Text-Guided Customizable Image Synthesis and Manipulation
Round 1
Reviewer 1 Report
The paper presents a text guided customizable image Synthesis and manipulation method. The method first synthesis the image based in text and contour informations and then modifies the synthesised image based on new text description to obtain better results.
The paper method description need modifications: figure block diagram before to figure 3 describes I/Ps, intermediate stages and O/Ps . Also algorithm is recommended to be added.
Section 3 and its subsection require to be backed up with figures of for examples: networks used, sample of images, texts, augmented texts, and more description of the GAN technique used,......etc.
New section should be added specific to the used CNN models with type of dataset that feeded for training, validation, and testing
Author Response
Thank you very much for your professional comments.
We have annotated the input, output, and intermediate processing phase in Figure 2.
Following your suggestion, we modified the order of the content, introduced the implementation details of the generator in Sec 3.3, and for the loss function in Sec 3.4, we also added more details (see lines 190-193).
In addition, for more training and testing details, we have added Section 3.5 to explain. At the same time, we added a description of how to obtain the contour results (see lines 208-214) and showed the processed contour results in Figure 3.
Reviewer 2 Report
Overall work is good and satisfactory
Justify the selection of the following parameters: Batch size, learning rate, epochs?
How did you fix different epochs on different datasets?
Add a few more results.
In Fig. 4, the colour is changing but there isn't much change in texture. Is it possible to synthesise different texture or shape for the same object using text description?

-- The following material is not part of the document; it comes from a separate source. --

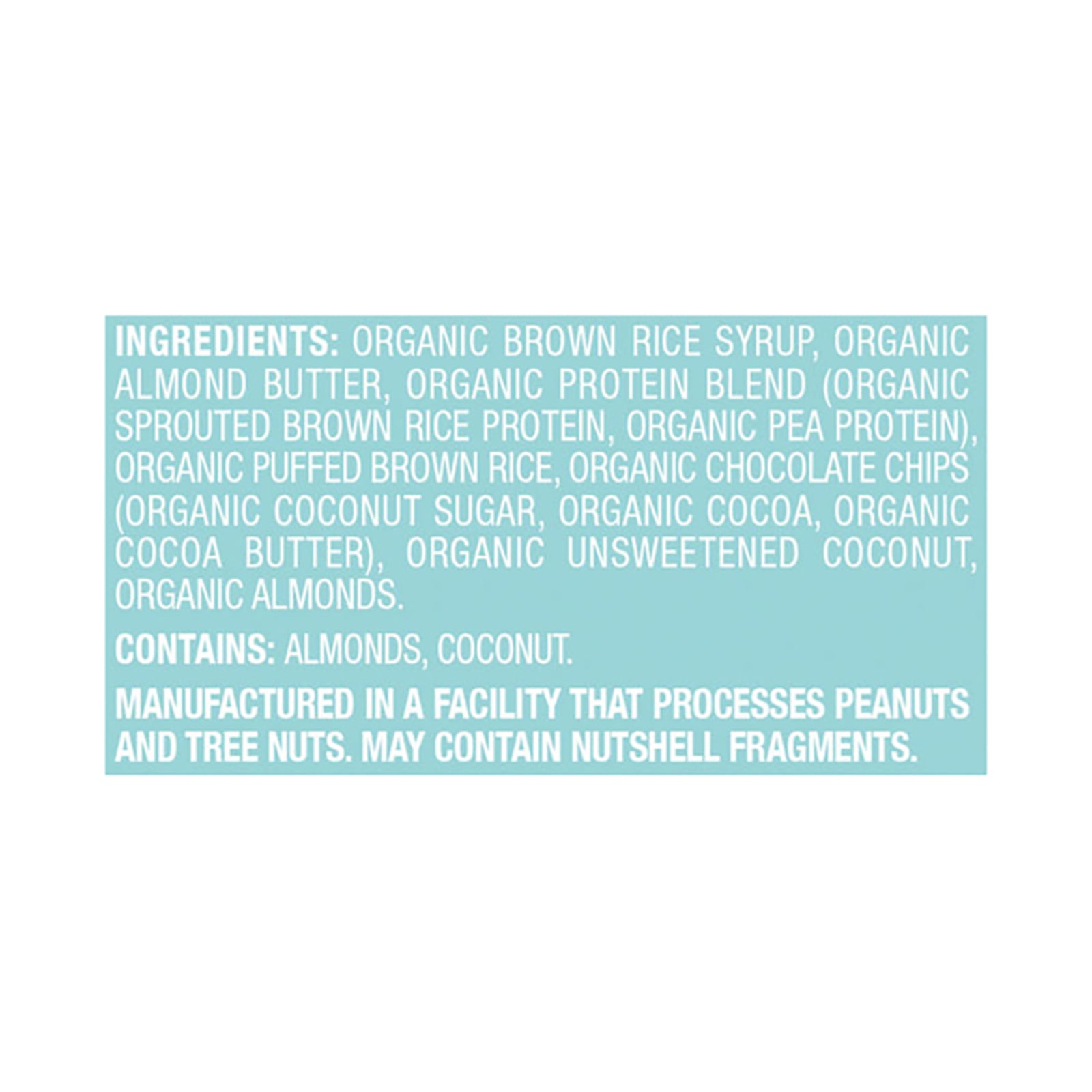 ingredients : organic brown rice syrup;organic almond butter;organic protein blend (organic sprouted brown rice protein, organic pea protein);organic puffed brown rice;organic chocolate chips (organic coconut sugar, organic cocoa, organic cocoa butter);organic unsweetened coconut;organic almonds

Is it possible to change the background of the object?
Is it possible to introduce a change in the position or orientation of an object through the textual description? e.g., rotate the pot on the table by 90 degrees in clock wise direction? etc.
Author Response
Thank you very much for your professional comments.
For the determination of batch size, learning rate, and epochs, we follow the existing related works (CustomizableGAN and AttnGAN). We illustrate this content in lines 200-202 of the current paper version.

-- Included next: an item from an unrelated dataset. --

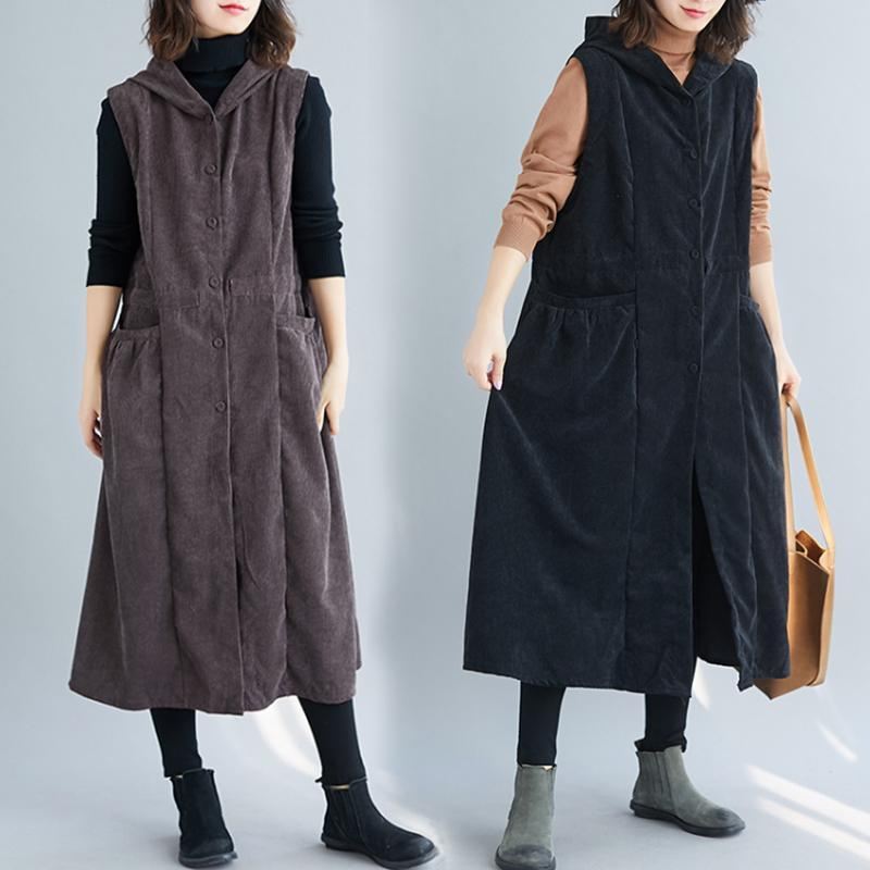 Sztruksowa Jesienno-zimowa Luźna Kamizelka Sztruksowa Z Kapturem

For the changing of texture, shape, background, position, and orientation you mentioned, existing methods (including ours) can not do it efficiently. For this, we have specially added Sec 4.3 to the main content for more discussion, indicating where the follow-up research work can be carried out. The corresponding content is in lines 277-302.
In addition, we use Grammarly to check English writing and grammar to ensure that it is correct.